> **TASK REQUIREMENTS**:
An exact copy of the data below is needed; please leave out any pictures.

> **DATASET EXCERPT**:
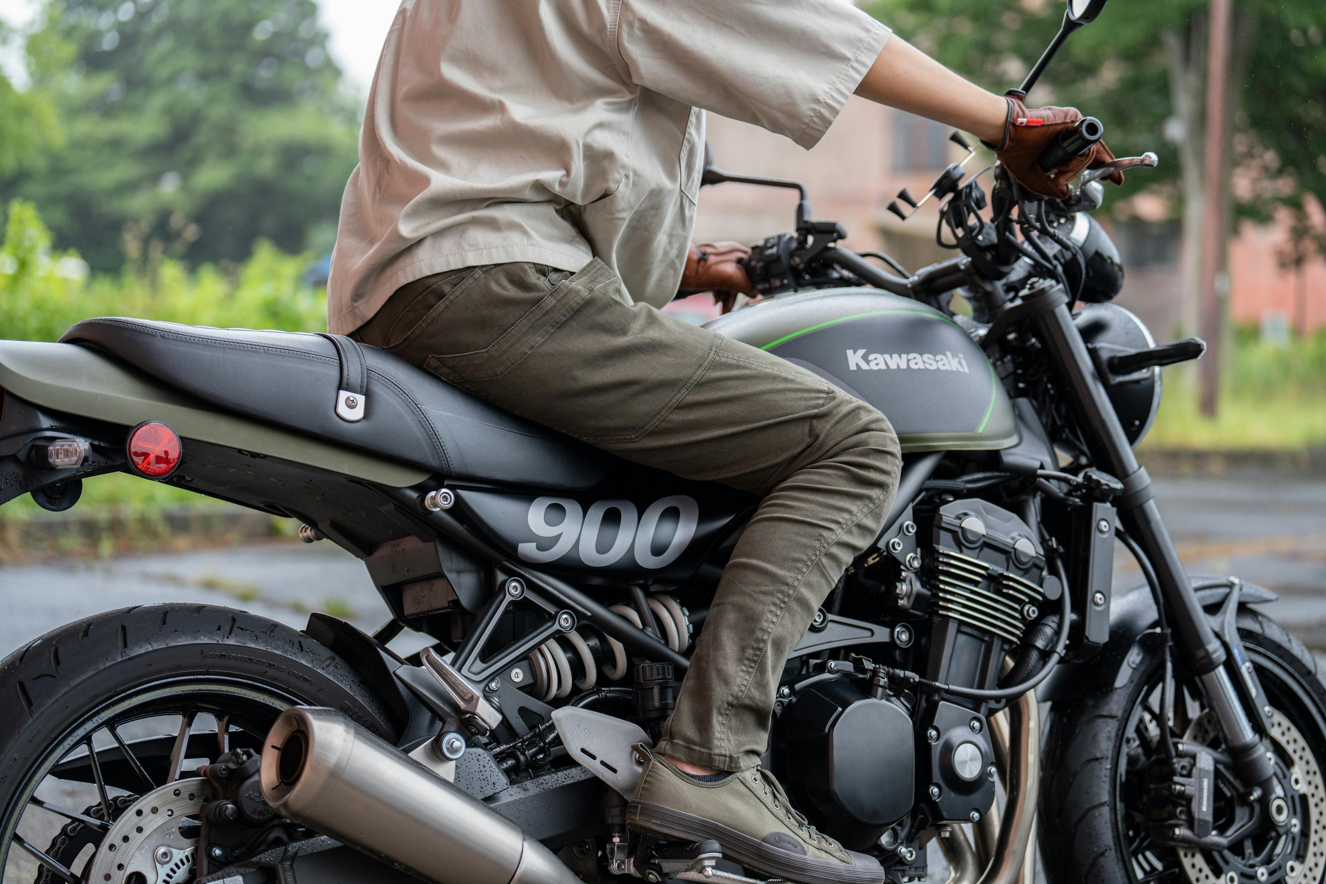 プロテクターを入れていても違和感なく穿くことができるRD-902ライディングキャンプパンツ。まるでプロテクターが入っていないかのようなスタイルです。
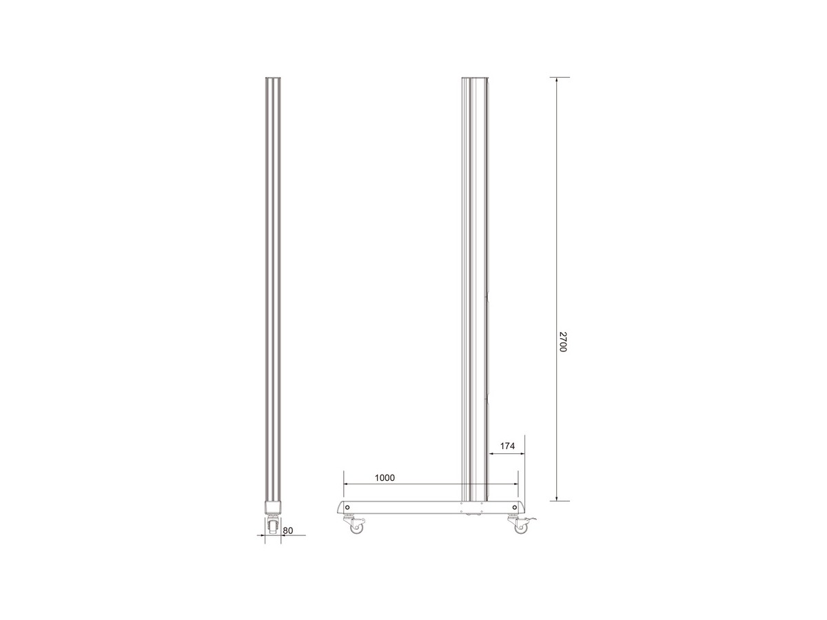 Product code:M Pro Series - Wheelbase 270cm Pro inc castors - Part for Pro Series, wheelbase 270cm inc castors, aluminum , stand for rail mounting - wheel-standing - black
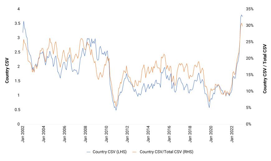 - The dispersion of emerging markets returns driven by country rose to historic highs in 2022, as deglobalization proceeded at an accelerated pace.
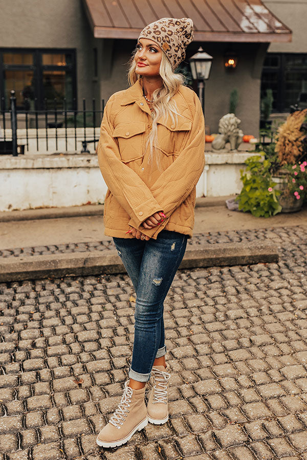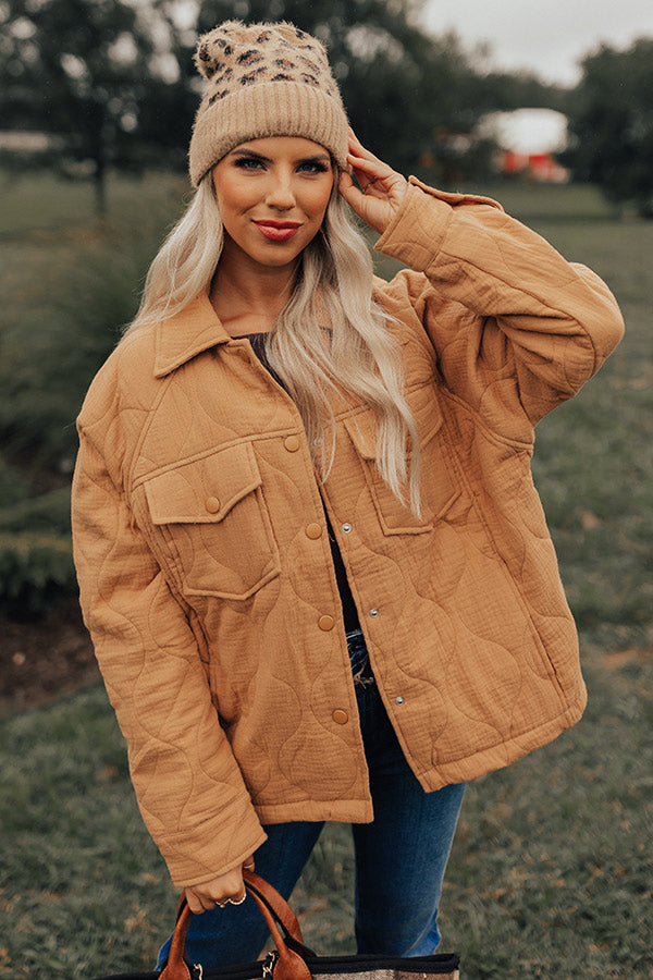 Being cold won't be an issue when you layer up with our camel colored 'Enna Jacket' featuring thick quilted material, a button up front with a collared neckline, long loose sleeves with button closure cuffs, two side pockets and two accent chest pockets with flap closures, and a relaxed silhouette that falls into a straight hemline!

> **ANSWER FOR THE TASK**:
 プロテクターを入れていても違和感なく穿くことができるRD-902ライディングキャンプパンツ。まるでプロテクターが入っていないかのようなスタイルです。
 Product code:M Pro Series - Wheelbase 270cm Pro inc castors - Part for Pro Series, wheelbase 270cm inc castors, aluminum , stand for rail mounting - wheel-standing - black
 - The dispersion of emerging markets returns driven by country rose to historic highs in 2022, as deglobalization proceeded at an accelerated pace.
 Being cold won't be an issue when you layer up with our camel colored 'Enna Jacket' featuring thick quilted material, a button up front with a collared neckline, long loose sleeves with button closure cuffs, two side pockets and two accent chest pockets with flap closures, and a relaxed silhouette that falls into a straight hemline!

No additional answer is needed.